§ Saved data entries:

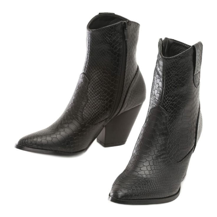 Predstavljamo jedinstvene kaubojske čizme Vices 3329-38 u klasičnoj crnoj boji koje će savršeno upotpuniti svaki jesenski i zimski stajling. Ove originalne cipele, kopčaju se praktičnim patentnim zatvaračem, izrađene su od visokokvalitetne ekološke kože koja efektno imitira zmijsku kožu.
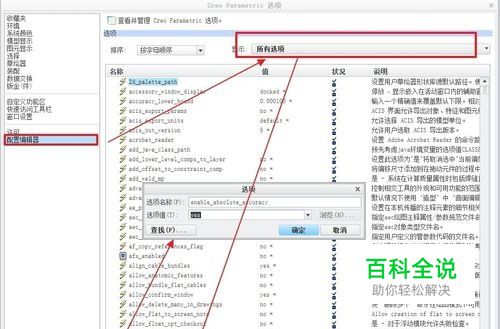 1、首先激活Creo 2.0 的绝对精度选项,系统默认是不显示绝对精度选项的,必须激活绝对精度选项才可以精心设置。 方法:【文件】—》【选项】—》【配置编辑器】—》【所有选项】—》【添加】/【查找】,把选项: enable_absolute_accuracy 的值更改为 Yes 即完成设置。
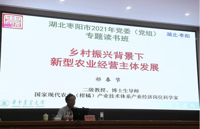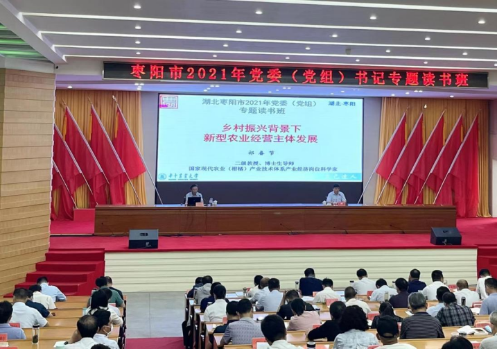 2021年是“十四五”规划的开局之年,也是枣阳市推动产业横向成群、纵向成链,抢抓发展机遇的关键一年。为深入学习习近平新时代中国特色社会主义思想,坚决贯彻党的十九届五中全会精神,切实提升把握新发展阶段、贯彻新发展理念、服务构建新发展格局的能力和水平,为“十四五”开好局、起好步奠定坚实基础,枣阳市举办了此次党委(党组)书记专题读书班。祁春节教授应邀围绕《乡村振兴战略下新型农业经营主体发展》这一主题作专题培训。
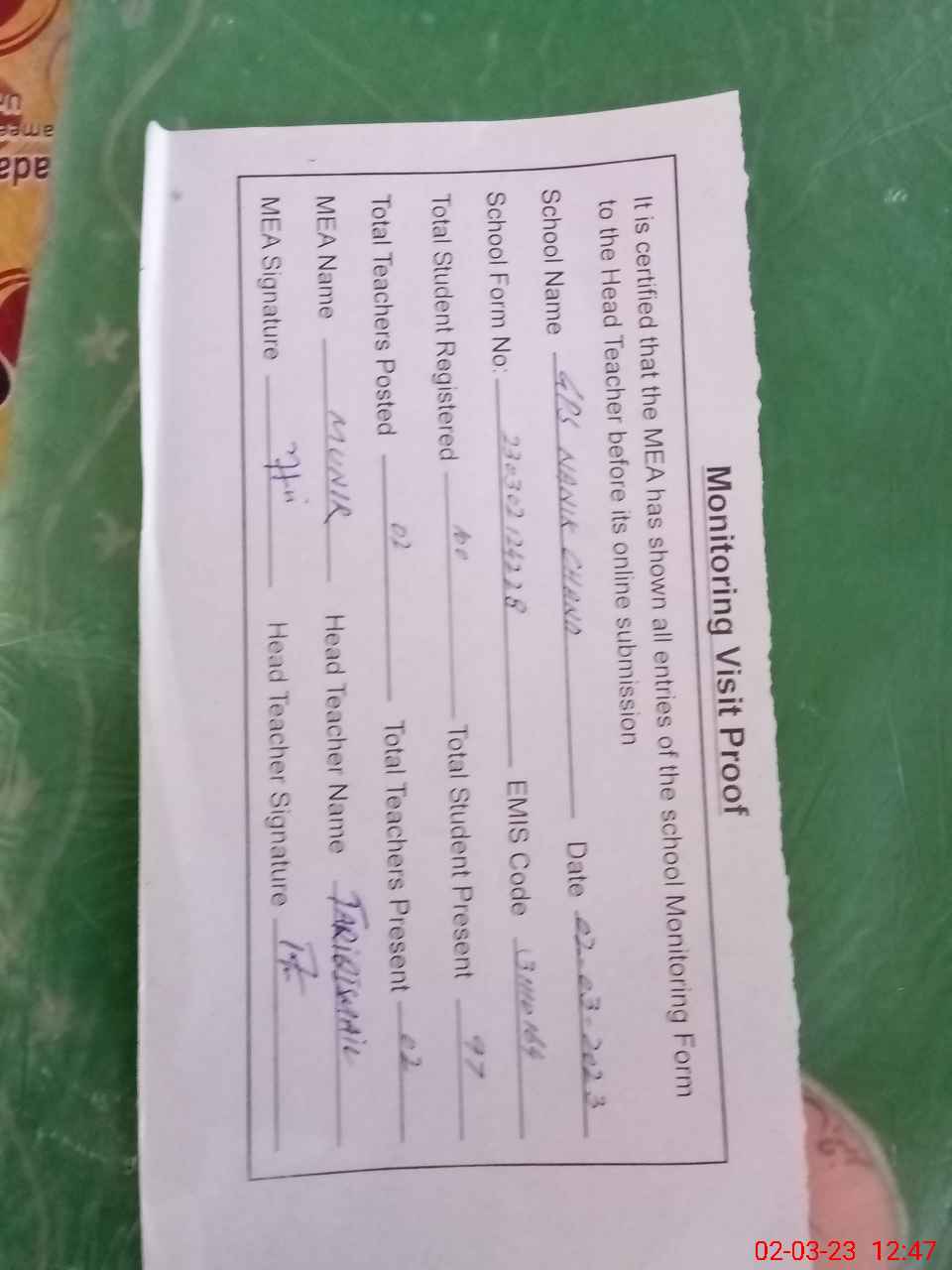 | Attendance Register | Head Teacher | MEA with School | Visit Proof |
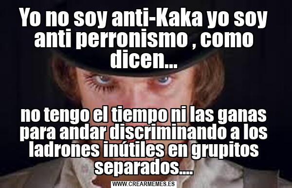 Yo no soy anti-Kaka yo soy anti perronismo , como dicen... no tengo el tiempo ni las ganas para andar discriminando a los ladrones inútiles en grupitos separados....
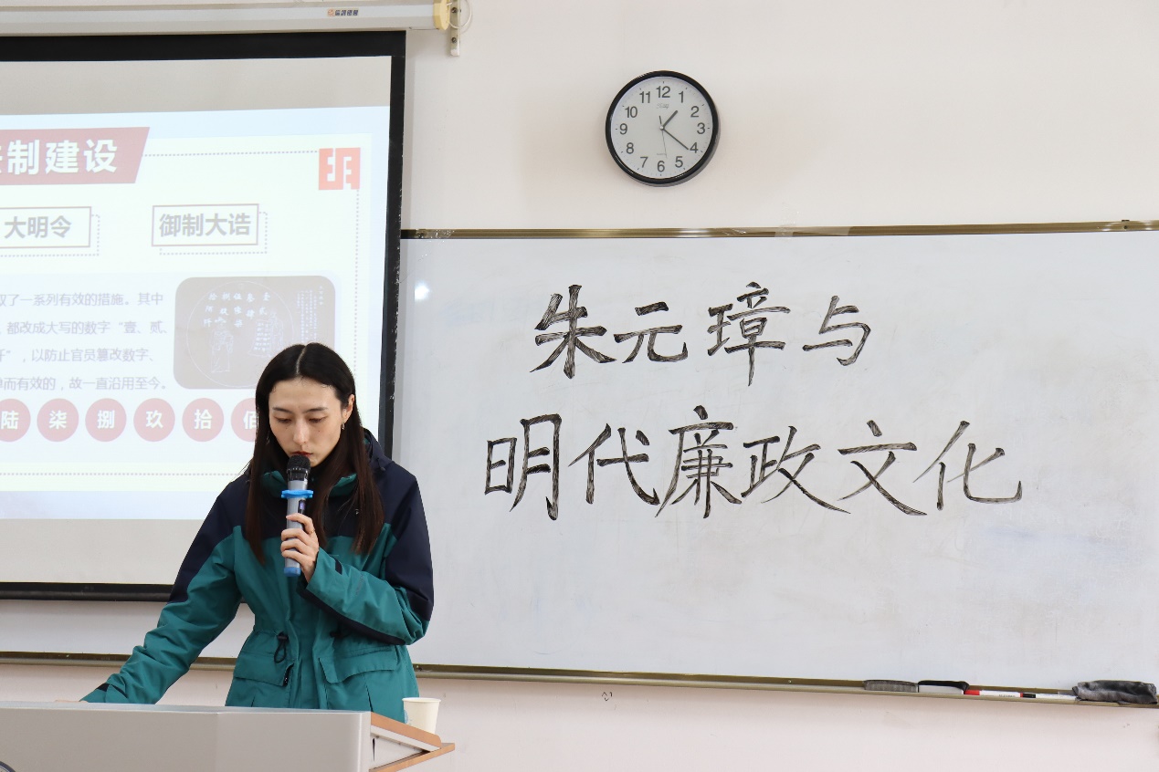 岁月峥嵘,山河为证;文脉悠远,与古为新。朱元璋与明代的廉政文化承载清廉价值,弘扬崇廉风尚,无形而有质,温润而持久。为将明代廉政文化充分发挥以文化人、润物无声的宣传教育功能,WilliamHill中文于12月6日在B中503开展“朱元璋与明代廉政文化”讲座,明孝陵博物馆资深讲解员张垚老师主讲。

§ PROBLEM STATEMENT:
Output exactly, and only, the lines running from the line containing "Visit Proof |" to the last line of the entries above, omitting the pictures.

§ COMPLETED EXERCISE:
 | Attendance Register | Head Teacher | MEA with School | Visit Proof |
 Yo no soy anti-Kaka yo soy anti perronismo , como dicen... no tengo el tiempo ni las ganas para andar discriminando a los ladrones inútiles en grupitos separados....
 岁月峥嵘,山河为证;文脉悠远,与古为新。朱元璋与明代的廉政文化承载清廉价值,弘扬崇廉风尚,无形而有质,温润而持久。为将明代廉政文化充分发挥以文化人、润物无声的宣传教育功能,WilliamHill中文于12月6日在B中503开展“朱元璋与明代廉政文化”讲座,明孝陵博物馆资深讲解员张垚老师主讲。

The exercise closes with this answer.